Q: The choice of datasets is poorly motivated for the VFL problem. The credit score and Caltech datasets are reasonable, but segmenting a CIFAR or MNIST image into segments, or an IMDB review at different clients is not reasonable.

R: We notice the unreasonable dataset. Since the scarcity of the VFL dataset, many previous works not only test VFL performance on tabular and multiview datasets but also on CV and NLP datasets by splitting the original data sample (see, e.g., [4] [5] [6]). We follow previous works to test the performance of our attack in distinct tasks. We hope to further investigate and apply more suitable dataset on CV and NLP tasks.

[4] Chen et al. (2020) Vafl: a method of vertical asynchronous federated learning.

[5] D Romanini et al. (2021) Pyvertical: A vertical federated learning framework for multi-headed splitnn.

[6] Li et al. (2023) FedVS: Straggler-Resilient and Privacy-Preserving Vertical Federated Learning for Split Models.

评论- Response to reviewer XBEx (Part 5/8)

2023-11-18

Question 13:

Q: Theoretical results Lemma 1, Lemma 2, and Theorem 1 appear to have an implicit large N assumption. The lower bound on the probability is negative for $N < 55$ , and exceeds 0.5 at about N=150.

R: The same concern was raised by reviewer HDL1. Having noticed the previous loose bound, we tighten the lower bound and update the probability from $\frac{1}{2}\left(1 - \frac{1}{N^2} e^{4\sqrt{\log(N)}}\right)\left(1-e^{-\frac{N}{\sqrt{4\pi N\log(N)}}}\right)$ to $\left(1-\frac{\delta}{1+ \delta ^2}\phi(\delta)\right) \left(1 - e^{-2(\log(N)-1 )^2}\right)\left(1-e^{-\frac{N}{\sqrt{4\pi N\log(N)}}}\right)= f(\delta)p(N)$ for $\delta > 0, \phi(\delta) = \frac{e^{-\delta^2/2}}{\sqrt{2\pi}}$ , where the minimum of $f(\delta)$ is 0.852 and the minimum of $p(N)$ is 0 (increases with $N$ ). Due to space limitations and complex expressions, we include the detailed proof and figure of the function in the revised Appendix (see Appendix E and Figure 10).

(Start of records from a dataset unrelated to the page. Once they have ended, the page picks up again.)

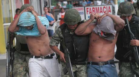 Sujetos armados que pretendieron secuestrar a un empresario guerrerense se enfrentaron a balazos con policías ministeriales. En los hechos participaron efectivos del Ejército Mexicano. Cuatro presuntos plagiarios fueron detenidos luego de una espectacular persecución que provocó terror entre turistas y porteños en un largo tramo de la principal avenida de Acapulco. Uno de los maleantes resultó lesionado. Policías y soldados dieron alcance a los delincuentes luego que éstos chocaron contra el portón de una residencia la camioneta en la que huían. Por otra parte, ayer se reportaron 34 asesinatos presuntamente vinculados con el crimen organizado. Las ejecuciones fueron cometidas en Guerrero, Chihuahua, BC, Sinaloa, Edomex, Sonora y Michoacán Foto La Jornada Guerrero
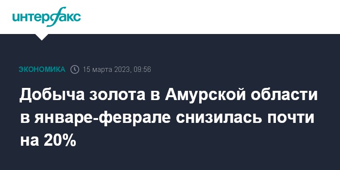 Добыча золота в Амурской области в январе-феврале снизилась почти на 20%
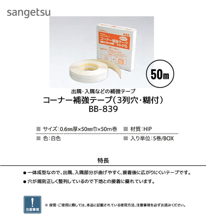 出隅・入隅などの補強テープ コーナー補強テープ (3列穴・糊付) 50m
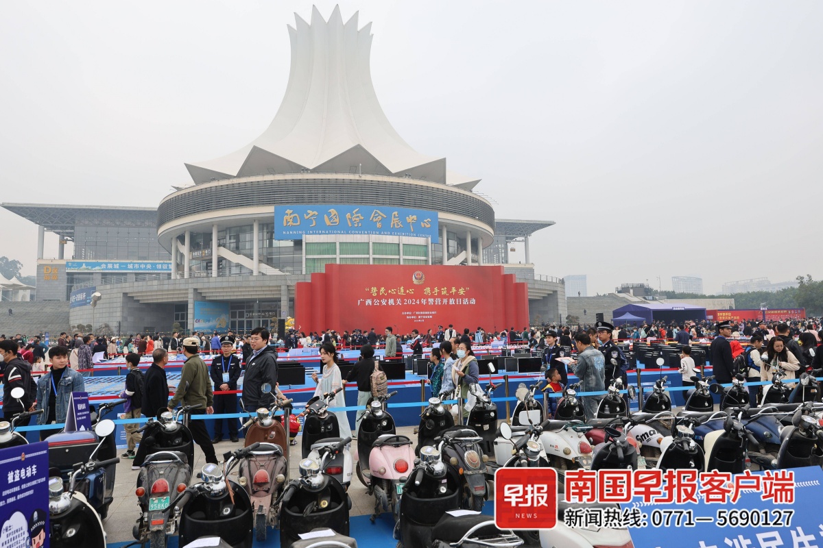 在该展区,两排整齐摆放的电动自行车也吸引了众多市民。“你看,这是电动自行车被盗后警察叔叔追回来的。”市民陈先生一边看展一边向儿子解释道。原来,这是南宁公安机关经过长达半年的侦查,打掉了一个常年在南宁市盗销电动自行车的犯罪团伙,抓获犯罪嫌疑人8名,追缴被盗电动自行车300余辆,现场展示的便是部分追缴回的车辆。
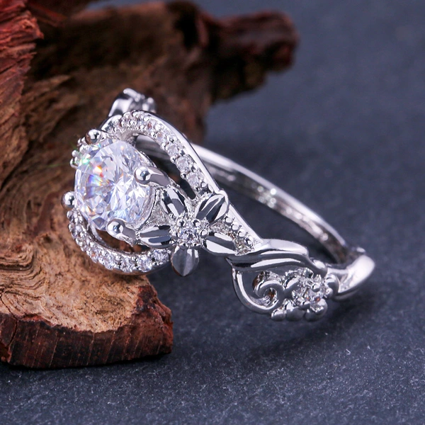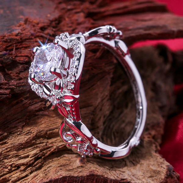 خاتم فلاش فائق الجودة جديد الأكثر مبيعًا على شكل فرع شجرة مزود بأربعة مخالب ومزين بإضاءة حلقة فاخرة لحفلات الزفاف للصديقة

In summary, the new bounds provide a positive lower bound for probability and the bound increases with $N$ . We draw the function of $p(N) = \left(1 - e^{-2(\log(N)-1 )^2}\right)\left(1-e^{-\frac{N}{\sqrt{4\pi N\log(N)}}}\right)$ and $f(\delta) = 1-\frac{\delta}{1+ \delta^2}\phi(\delta)$ and discussed their behaviors in Appendix E.

Question 14:

Q: How does the proposed E-TS algorithm work compared to sequential arm elimination proposed in S. Shahrampour, M. Noshad and V. Tarokh. On Sequential Elimination Algorithms for Best-Arm Identification in Multi-Armed Bandits. IEEE Transactions on Signal Processing, vol. 65, no. 16, pp. 4281-4292, 15 Aug.15, 2017

R: The referred nonlinear sequential elimination, which we call NSE for short, gives a solution to the MAB problem purely by exploring arms. NES is based on the concept of sequentially eliminating arms in an MAB setup until a single best arm is identified. NSE, distinct from traditional sequential elimination methods that linearly allocate exploration resources, employs a nonlinear function relative to the remaining arms for budget allocation in each round. In contrast to E-TS and TS, which focus on minimizing regret, NSE aims to reduce the misidentification probability within a limited exploration budget.

We experimentally compare the performance of the proposed E-TS, plain TS, and NSE. To facilitate a fair comparison, we set different exploration budgets (denoted as $T$ ) and parameter $p$ for NSE. In this setup, NSE explores each arm's reward for $T$ rounds and subsequently uses the best arm it identifies post- $T$ rounds. We report all experimental results in Figure 12 and 13 in Appendix G.

Overall, plain TS has the worst performance. E-TS maintains stable and faster convergence, or equivalently, less regret. In contrast, NSE's performance, though sometimes comparable, is less consistent and requires careful tuning of hyperparameters $T$ and $p$ .

Question 15:

Q: Is a factor 2 missing in the equation for Fact 1?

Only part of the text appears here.